IRONY IN HOUSE
Irony plays a vital role in literature, specifically short stories. It captures the reader’s attention by highlighting the actions and characterization, lets one be completely absorbed into the stories by creating twists, tension, and humour. Consequently, this is a literary device that is used widely by writers in their work, including Jane Rule with one of her short stories, “House.” The short story contains three types of irony – situational, verbal, and dramatic, but verbal irony and situational irony are the jocular elements.
Jane Rule started the story with a situational irony. “Other women want to buy houses. Other women want their kids to have a yard to play in. They like to reupholster their own furniture. They don’t have to be dragged, screaming and kicking, into middle class and middle age. They take pleasure in it.”(21) The readers recognize immediately that the roles in the family were switched. It’s ironic how Harry, the husband, wanted what “other women want” but his wife, Anna, did not. She had always wanted unconventional things: a horse, a plane, an island, watching fights, going to Europe. Contrastingly, Harry had always wondered “a little more than Anna how other people live. The adventurousness usually found in a husband was in Anna, and the thoughtfulness usually found in a wife was in Harry. The humour strikes the readers at the moment they started reading, which forms a sense of excitement inside their heads. Another situational irony appears when the husband regretted buying the house, but he was the person who had come up with the idea and convinced others in the first place. He should have relieved after buying the house successfully, but he changed his mind. Nobody would have expected that he would rather live in the old, smaller house after having bought a new, bigger one. Nobody would have supposed that Harry thinks “what a terrible mistake it all was.” Moving to the end of the story, the readers account the third situational irony: breaking the house. It takes the readers by surprise how Anna decided to fix the problem: breaking the house with a wrecking bar. This unrealistic scene causes the readers to burst into laughter. Even if a house is totally disappointing, no one will waste their investment and risk using the breaking bar to “crash through the wall.”(30). The way Jane Rule used situational irony, twisted the plot establishes the thrill which effectively holds the curiosity of the readers.
In addition, verbal irony is also a crucial element which accounts for the humour in “House.” While Anna and Harry were arguing, she told him “I’m depriving the kids. Now they play in two hundred acres of public park, thirty miles of beach, and spend their weekends cooped up in a boat when instead they could have a thirty-foot wide backyard and a wading pool.”(22) Although she said that she was “depriving the kids,” the public yard, the beach, the boat sound much more amusing than the backyard and a wading pool.
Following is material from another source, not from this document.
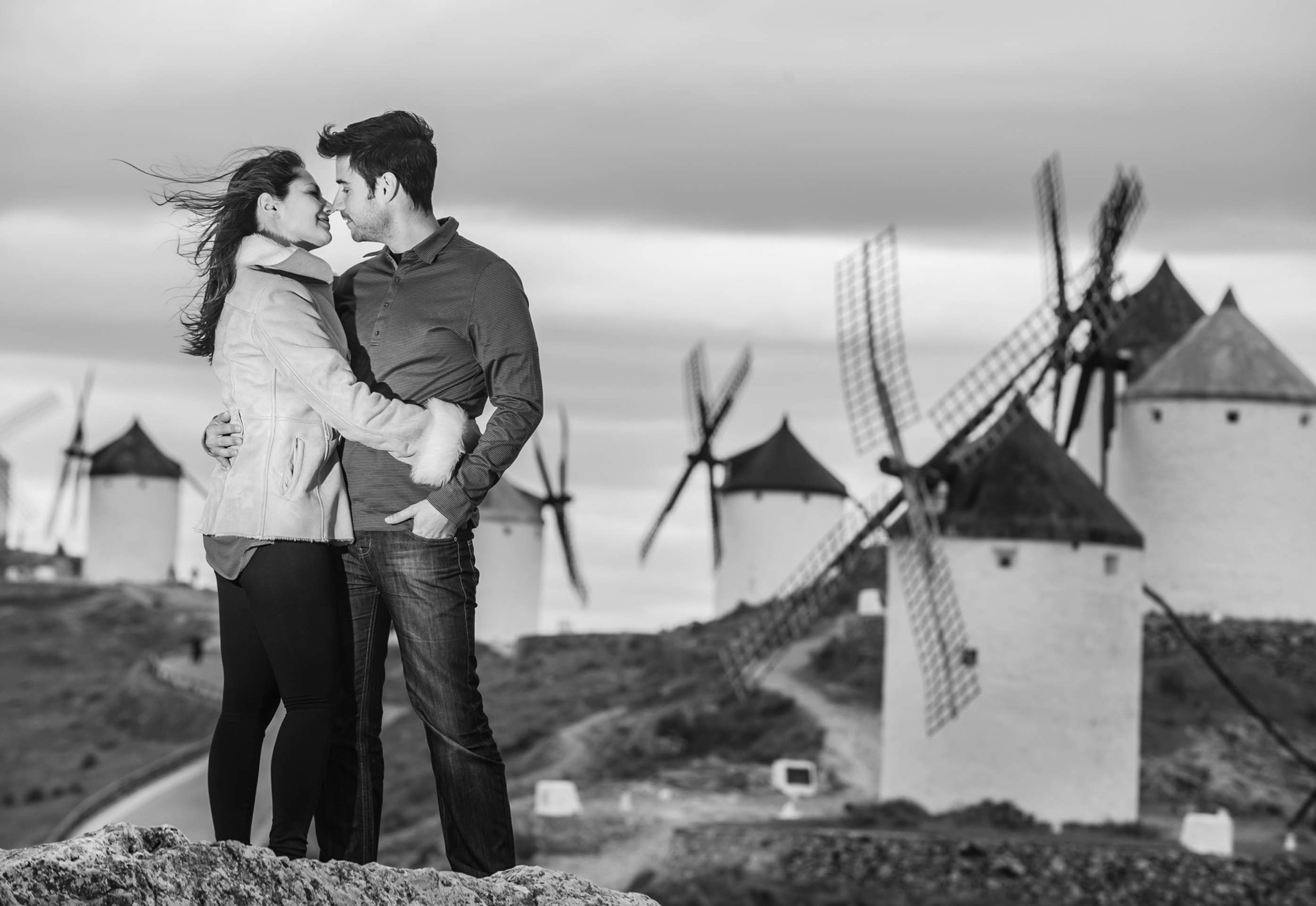 Dramatic Windmill Engagement Portrait in Black and White Toledo, Spain

By using sarcasm, the writer revealed how bored Anna was and why she thought “an island’s just right.” Next, Joey interrupted, set up a humorous mood in the middle of the nerve-racking argument. After his father told him not to call him by his name, “‘Who is this guy, mom?’ Joey asked, jerking his head toward his father. ‘I thought his name was Harry?’” (22) Following his making fun of Harry, Anna replied, “Oh, he’s some sort of real estate agent.”(22) This dialogue is entertaining to witness as Anna and Joey were on the same side, leaving Harry reasoning by himself. Thus, when his father asked, “Where would you go to school?”(22), Joey suggested without hesitation: “With the fish?”(22) These replies Joey gave out thoroughly shape his personality: a witty, cunning boy. By inserting this dialogue, the flow of the story naturally shifts from a stressful situation to a lighthearted one, triggering the readers’ laughter.
Jane Rule skillfully combined different types of irony which gives rise to the comicality in “House”. The hilarity coming from the irony intrigues the reader’s enthusiasm for the following actions. In spite of containing ironic, unexpected circumstances, the plot of the story is reasonable and understandable to the readers. Together, these factors turn into such a pleasant short story to read and enjoy.